Useful Postgres techniques

Thomas Dickson

4 minute read



The purpose of this note is to describe some key SQL commands and when they might be useful to use. The note concludes with key resources and guides I’ve found helpful. The perspective is more towards commands which might be useful for running analytical queries rather than traditional relational database use cases. Joins, for example, have been covered to death elsewhere.

For a wide ranging and in-depth review for using SQL in data analysis see this article here. I’m using this page to consolidate my notes and some useful links.

EXPLAIN and ANALYZE

EXPLAIN and ANALYZE are used to quantify how a given query might perform. EXPLAIN is used to describe the plan that Postgres is going to use to execute a query with an estimated cost of execution and ANALYZE executes the query and returns the actual cost and time to execute.

I use these commands to check:

  1. Is the query using the indexes I intended it to use?
  2. The cost of the query whilst I am trying to optimise it for production purposes.

Common table expression to hold settings

Common table expressions (CTE)s can be thought of as temporary tables which last for the duration of the query. You can also think of them as import statements for data to use within your main query.

CTEs are more performant after PG 12.

The step change in the use of CTEs here is to use them as a location to set variables which are used within CTES in the rest of the query. For example:

WITH settings AS (
	SELECT
		(SELECT 1256 AS id_object),
		(SELECT '2021-02-02'::timestamp AS lower_date),
		(SELECT '2021-02-12 23:59:59'::timestamp AS upper_date)
)
SELECT *
FROM settings

This CTE can be included in your original query using a clause such as:

WITH timestamp BETWEEN (SELECT lower_date FROM settings)
AND (SELECT upper_date FROM settings)

NULLIF

NULLIF is a conditional function. It’s handy for handling divide by zero errors. Remember this.

LAG

LAG allows you to calculate the difference between rows based on how the table from the previous query is PARTITIONED and ORDERED. Obligatory documentation reference.

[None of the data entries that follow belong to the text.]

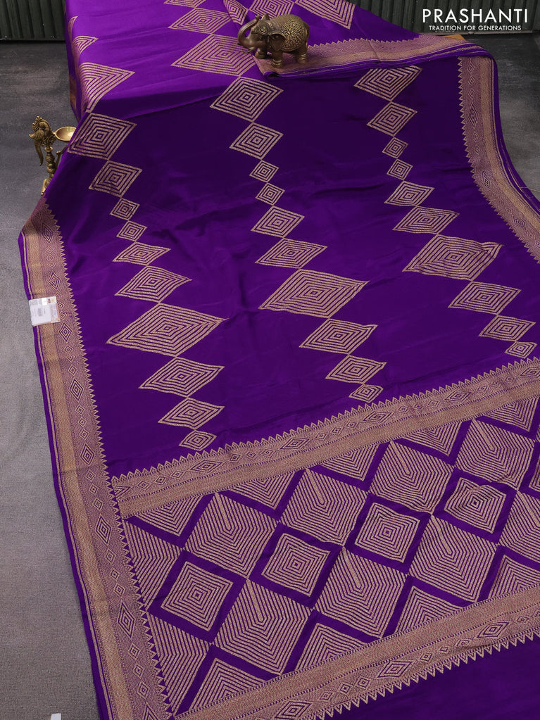 Banarasi crepe saree violet with allover thread & zari geometric weaves and woven border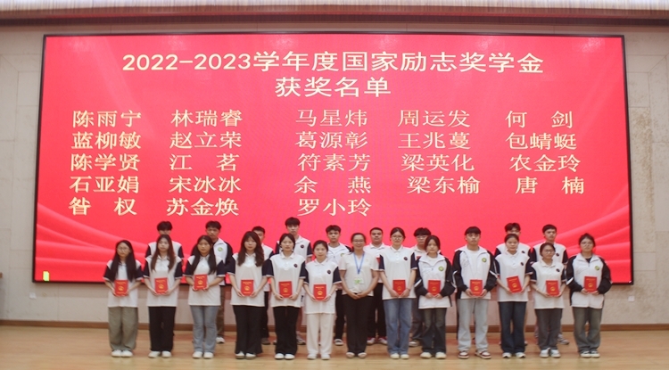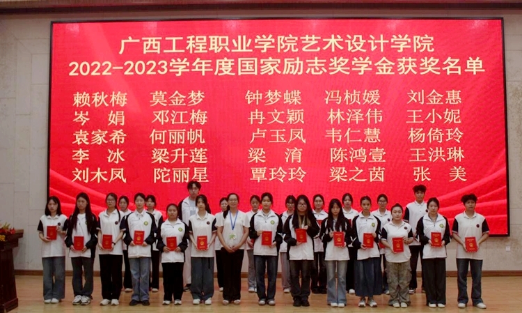 艺术设计学院党支部书记、院长覃凤姣为获2022-2023学年度国家励志奖学金的同学颁奖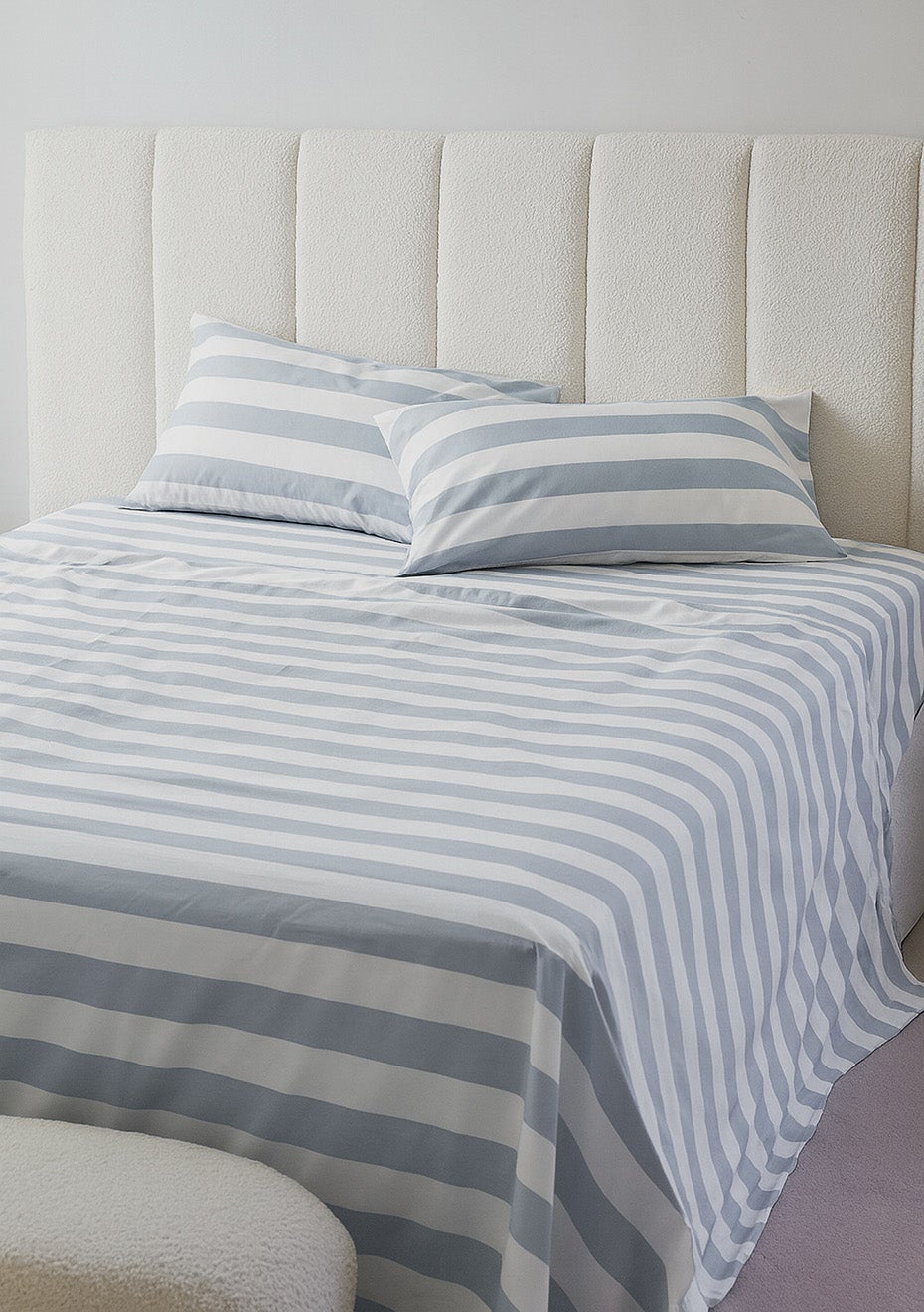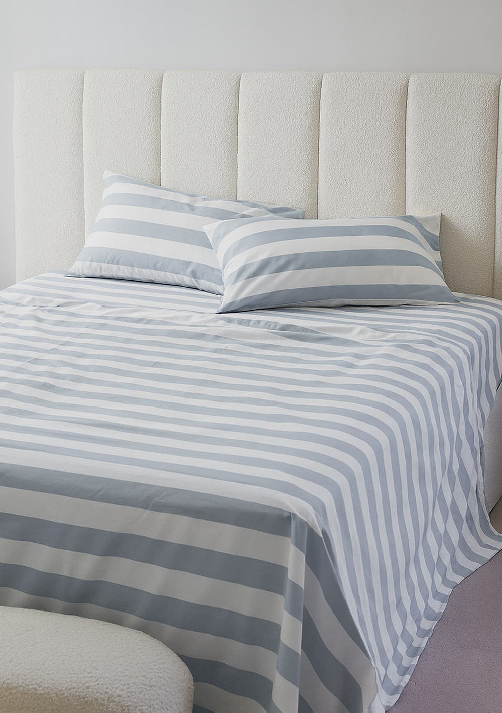 George Collective - 100% Stonewashed Cotton Sheet Set - King - Hamptons Blue Wide StripePREORDER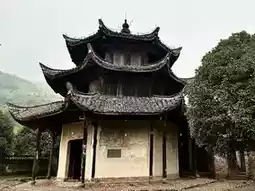 这座古老的三层连体建筑形似宝塔,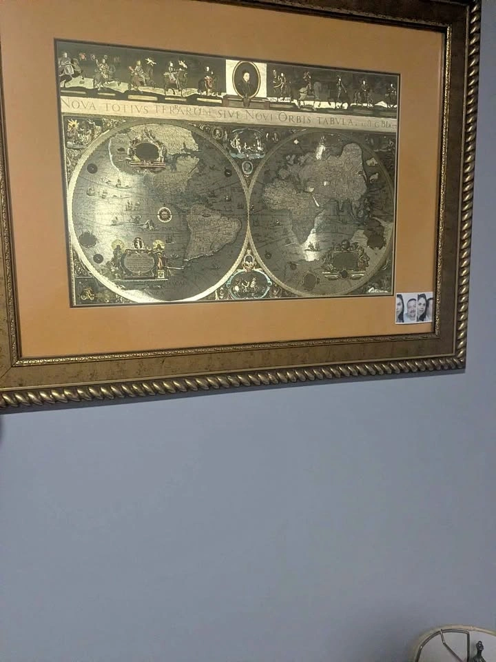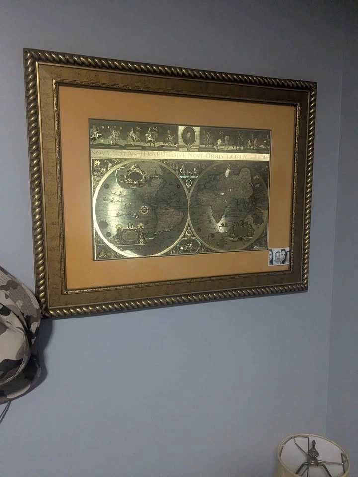 Beautiful, large-scale gold foil reproduction of the famous 1665 world map by Dutch cartographer Willem Blaeu. This is a high-quality vintage piece with stunning detail and a brilliant gold reflective finish. Subject: Map of the World (Nova Totius Terrarum Orbis Geographica ac Hydrographica Tabula). Features ornate illustrations of the four seasons, celestial bodies, and the seven wonders of the ancient world. Excellent vintage condition. The gold foil is intact with no flaking or fading. Comes in a solid, high-quality vintage frame [insert frame color/material here, e.g., dark walnut or ornate gold]. Perfect for an office, library, or as a unique statement piece for your home decor. Price: $175 (OBO). Location: Welland/Port Colborne Area.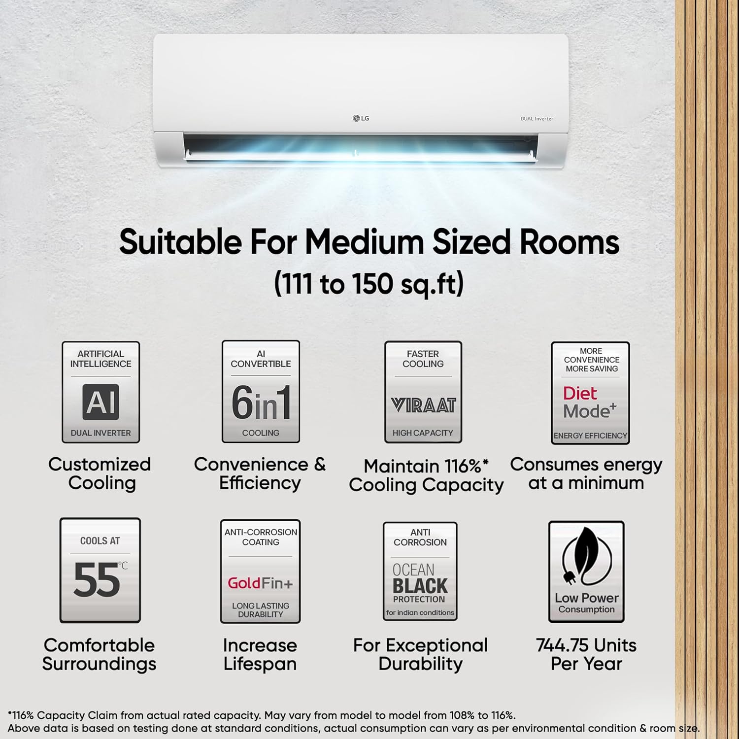 This LG Split AC with DUAL Inverter Compressor delivers powerful, fast, and consistent cooling while operating quietly and efficiently, ensuring long-lasting performance compared to conventional models. With a 1.5 Ton capacity, it is ideal for medium-sized rooms ranging from 111 to 150 sq.ft and offers excellent air circulation of 653/1236 CFM (Indoor/Outdoor), a cooling capacity of 5000 W, and reliable performance even at ambient temperatures up to 55°C with 4-way air swing. It features a 5 Star energy rating with an annual energy consumption of 744.75 units and an ISEER value of 5.20 (as per 2025 BEE guidelines; under 2026 guidelines, it will be rated one star lower). The manufacturer provides a 1-year comprehensive warranty on the product, 5 years on PCB and motor, and 10 years on the compressor (free gas charging during the comprehensive period only, T&C apply). Built with 100% copper tubes and Ocean Black Protection, the unit ensures enhanced durability, uninterrupted cooling, and resistance against rust and corrosion. Key features include Dual Inverter Compressor, AI Convertible 6-in-1 mode, VIRAAT mode, HD filter with anti-virus protection, ADC sensor, stabilizer-free operation within a 120V–290V range, Magic LED temperature display, low noise levels (31 dB for indoor unit and 56 dB for outdoor unit), and a powerful 15-meter air throw. Special features such as Gold Fin+, Ez Clean filter, low gas detection, smart diagnosis system, comfort air, monsoon comfort/fresh dry, auto clean, mute function, sleep mode, auto restart, dehumidifier, Diet Mode Plus, and 6 fan speed steps further enhance user comfort and efficiency. It uses eco-friendly R32 refrigerant gas with zero ozone depletion potential and lower global warming potential. The indoor unit measures 99.8 × 34.5 × 21 cm and weighs 11 kg, while the outdoor unit measures 77 × 54.5 × 28.8 cm and weighs 30 kg. The package includes one indoor unit, one outdoor unit, a 3 m interconnecting copper pipe, one remote, user manual, and warranty card, with brand warranty available using the Amazon invoice and the user manual accessible from the brand website.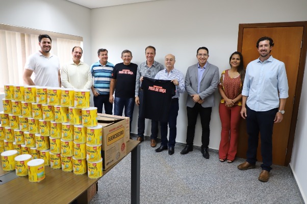 Nesta semana, os ciclistas entregaram 100 latas de leite ninho para o prefeito Gilberto Garcia destinar ao setor de pediatria do Hospital Regional Dr. Francisco Dantas Maniçoba.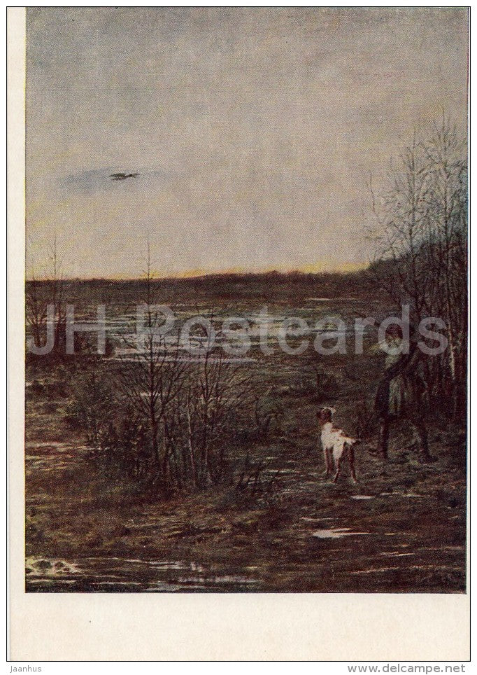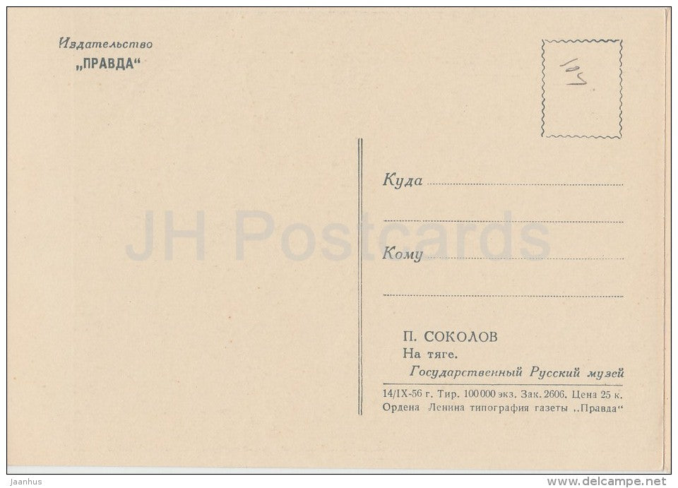 painting by P. Sokolov - On draft - hunting dog - hunter - Russian art - 1956 - Russia USSR - unused

PARTITIONED defines how the data is partitioned prior to the lag calculation.

ORDERED defines how the data is ordered for the LAG calculation to be applied.

CROSSTAB (Pivot tables)

CROSSTAB is how pivot tables are implemented in Postgres. It’s handy for returning data which can be plotted straight away, although some SQL juggling is required for a dynamic number of variables to create columns for. See this stackoverflow answer - it’s a bit grim isn’t it. Here’s another SO answer which has some useful links on using CROSSTAB.

My current preferred solution is to export the data at this stage to Pandas for further manipulation.

dbt and macros

dbt is a useful tool for running complex SQL analytics. It applies software engineering principles to data analysis using SQL. Key advantages lie in it’s version control, documentation (the lineage map is a killer feature). It has solved a lot of problems for me.

I have been bitten however with using it to produce tables that are queried directly by a production web app. When a dbt model is being rebuilt the table is dropped and queries using it hang. This is obviously not good and I was not the flavour of the month. Lesson learnt there.

Hopefully this edge case will be fixed in the future, but for now I created a hacky macro (another dbt killer feature) to generate a static table which is queries by the web app. This macro generates a table but removes the last 4 characters of the dbt model to avoid name conflicts. Not pleasant but it works for now.

The macro looks something like, where the argument is the name of the dbt model that you don’t want dropped.

A macro for importing CTEs directly into models can be seen here.

GENERATE_SERIES

GENERATE_SERIES can be used to generate a range of equally spaced values. It can be used to:

  1. Generate sample data.
  2. Accurate reporting on time series data.

My experience has primarily been with performing analysis with time series data. GENERATE_SERIES can be used to return zeros for dates where no data has been found. In other words, GENERATE_SERIES can be used to generate a timestamp/date range which can be LEFT OUTER JOINED on a given dataset to return zero values for dates with no data.

Here are some useful articles:

  1. Fake data and better weekly reporting.
  2. Use generate series to get continous results.

Useful resources for learning SQL

  1. This page has to be the best page I’ve ever seen for summarising all the main useful SQL commands for data analysis.
  2. The Gitlab SQL guide is the first port of call for writing production quality SQL code - found here.
  3. The official Postgres documentation is zen like and instructive. Find it here.
  4. An excellent tutorial on SQL can be found here.